### Data shown:
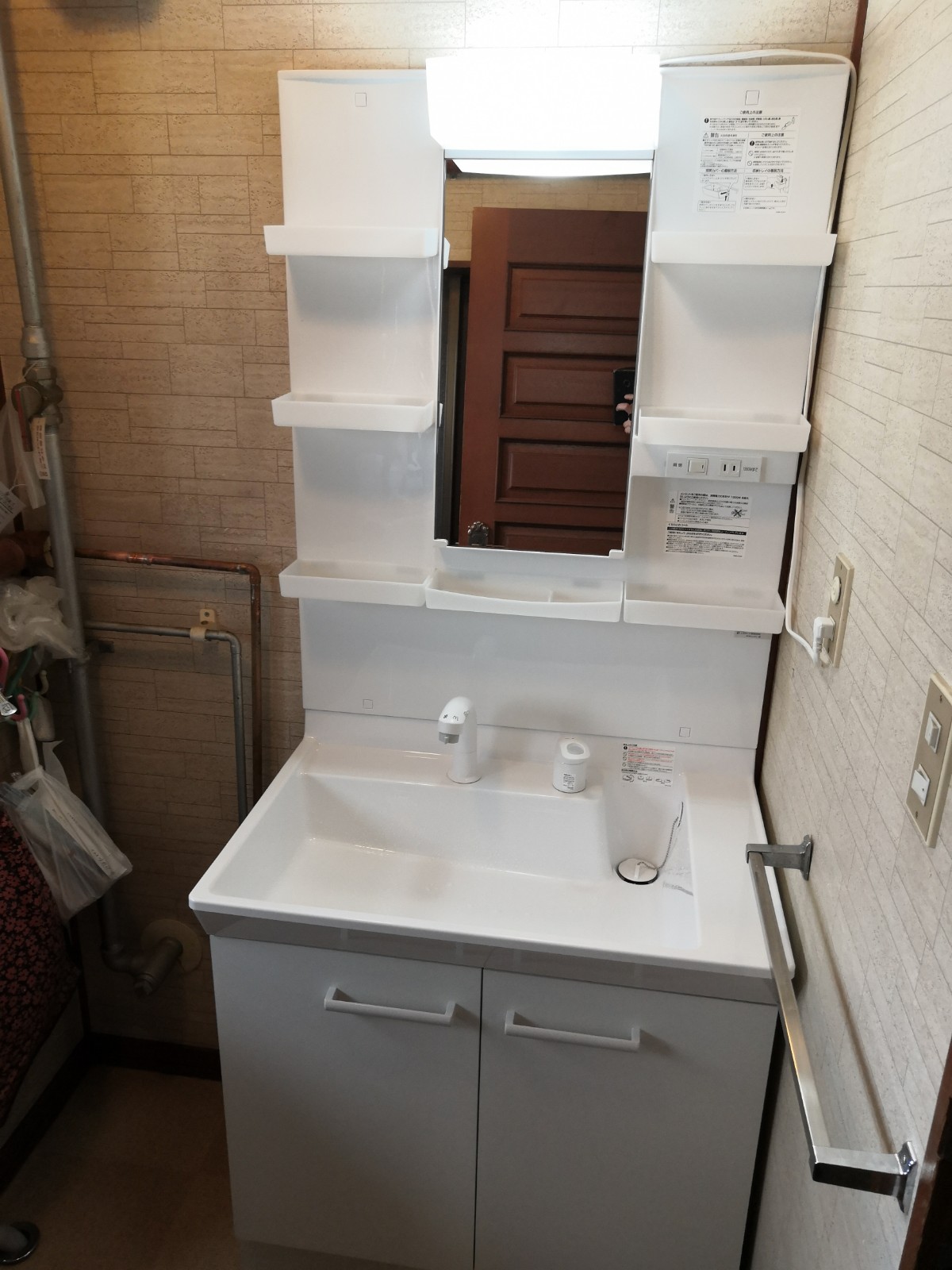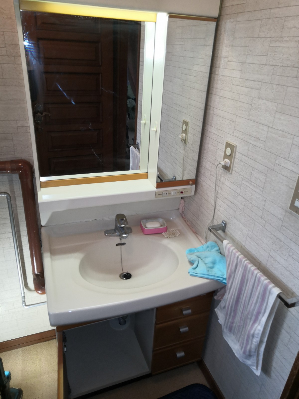 化粧台は20年上使用していたみたいで、かなり古いので本体交換して欲しいと依頼いただき、即日に交換作業開始♪
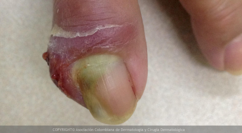 Es una infección aguda del área de la cutícula o alrededor de la uña, secundaria a la entrada de bacterias como Staphylococos o Streptococos, que ingresan a la piel por traumas como morderse o arrancarse los uñeros (onicotilomania), o por cortarse o retraerse la cutícula.
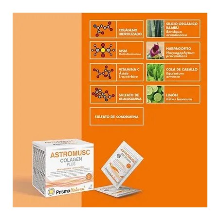 Astromusc Articulaciones es un suplemento nutricional en polvo, diseñado por Prisma Natural, para el apoyo y mantenimiento del bienestar de los músculos y articulaciones. Este producto una mezcla equilibrada de ingredientes naturales pensada para aportar nutrientes esenciales en la formación de tejido conectivo.
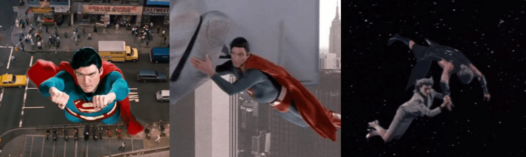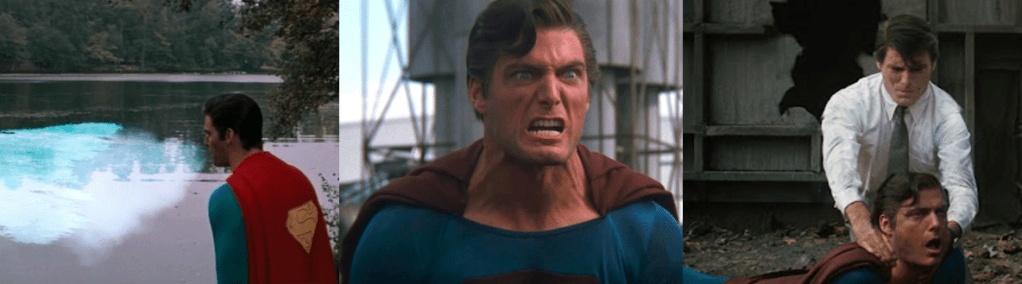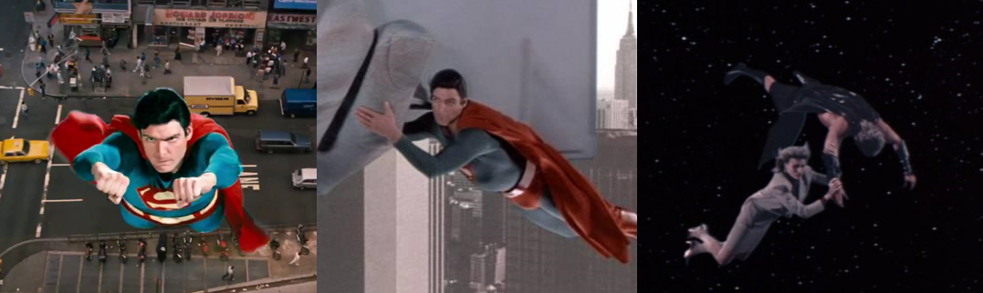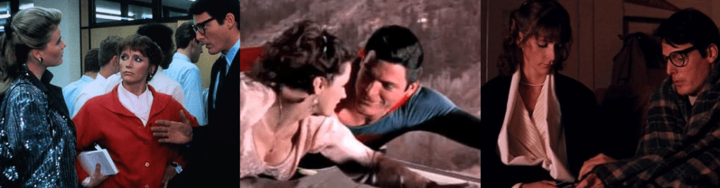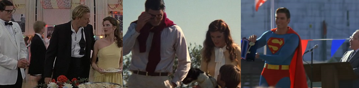 Although Lana Lang (Annette O’Toole) is sadly missing from the film and no mention is made of her, an awkward love triangle (more like a love square, I guess) does become a sub-plot of the film when newcomer Lacy takes a shine to Clark Kent. This leads to such “hilarious” moments as Clark visiting a gym with Lacy and feigning difficulty with the machines, and a laughable sequence where Clark and Lacy double date with Lois Lane (Kidder) and Superman, forcing Clark to dive in and out of costume to keep both women happy before thankfully being called away by a greater threat. The film even unashamedly rips off the Superman/Lois romance from the first two films; having a crisis of conscience regarding the world’s nuclear crisis, Clark reveals his identity to Lois, takes her on a terribly composited flight around the world, and asks for her advice before wiping her memory once again. While there is a poignant moment to be found here when Clark laments how unfair it is that he is forced to share himself with the entire world rather than the woman he loves, this largely amounts to an uncomfortable bit of selfishness on Superman’s part since he freely toys with Lois’s emotions and her memory rather than finding a less invasive way of decided what he should do about the looming threat of nuclear war.
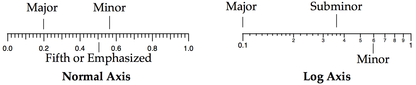 Each of the four standard axes is always attached to the corresponding edge of the plot area. The plot area is the central rectangle in a graph window where traces are plotted. Axis and tick mark labels are plotted outside of this rectangle.
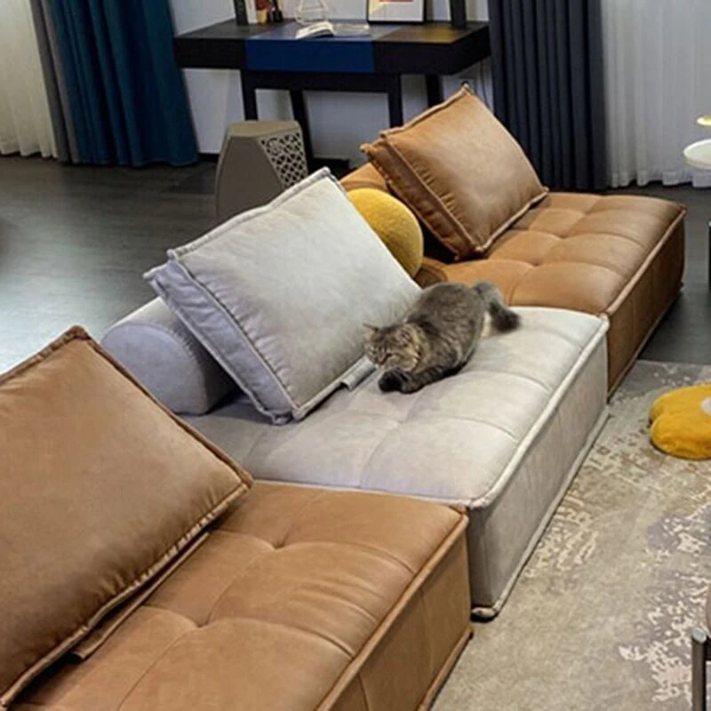 豆腐ブロックソファ 一人用 イタリアンミニマリストスタイル テクスチャー布 モジュラー 四角いレザー フロアタイプ ライフスタイルチェア 小型住宅向け コンパクトでスタイリッシュな組み合わせ!

### Instructions to follow:
If a record contains a picture, drop the picture and repeat the rest exactly.

### Result of the task:
 化粧台は20年上使用していたみたいで、かなり古いので本体交換して欲しいと依頼いただき、即日に交換作業開始♪
 Es una infección aguda del área de la cutícula o alrededor de la uña, secundaria a la entrada de bacterias como Staphylococos o Streptococos, que ingresan a la piel por traumas como morderse o arrancarse los uñeros (onicotilomania), o por cortarse o retraerse la cutícula.
 Astromusc Articulaciones es un suplemento nutricional en polvo, diseñado por Prisma Natural, para el apoyo y mantenimiento del bienestar de los músculos y articulaciones. Este producto una mezcla equilibrada de ingredientes naturales pensada para aportar nutrientes esenciales en la formación de tejido conectivo.
 Although Lana Lang (Annette O’Toole) is sadly missing from the film and no mention is made of her, an awkward love triangle (more like a love square, I guess) does become a sub-plot of the film when newcomer Lacy takes a shine to Clark Kent. This leads to such “hilarious” moments as Clark visiting a gym with Lacy and feigning difficulty with the machines, and a laughable sequence where Clark and Lacy double date with Lois Lane (Kidder) and Superman, forcing Clark to dive in and out of costume to keep both women happy before thankfully being called away by a greater threat. The film even unashamedly rips off the Superman/Lois romance from the first two films; having a crisis of conscience regarding the world’s nuclear crisis, Clark reveals his identity to Lois, takes her on a terribly composited flight around the world, and asks for her advice before wiping her memory once again. While there is a poignant moment to be found here when Clark laments how unfair it is that he is forced to share himself with the entire world rather than the woman he loves, this largely amounts to an uncomfortable bit of selfishness on Superman’s part since he freely toys with Lois’s emotions and her memory rather than finding a less invasive way of decided what he should do about the looming threat of nuclear war.
 Each of the four standard axes is always attached to the corresponding edge of the plot area. The plot area is the central rectangle in a graph window where traces are plotted. Axis and tick mark labels are plotted outside of this rectangle.
 豆腐ブロックソファ 一人用 イタリアンミニマリストスタイル テクスチャー布 モジュラー 四角いレザー フロアタイプ ライフスタイルチェア 小型住宅向け コンパクトでスタイリッシュな組み合わせ!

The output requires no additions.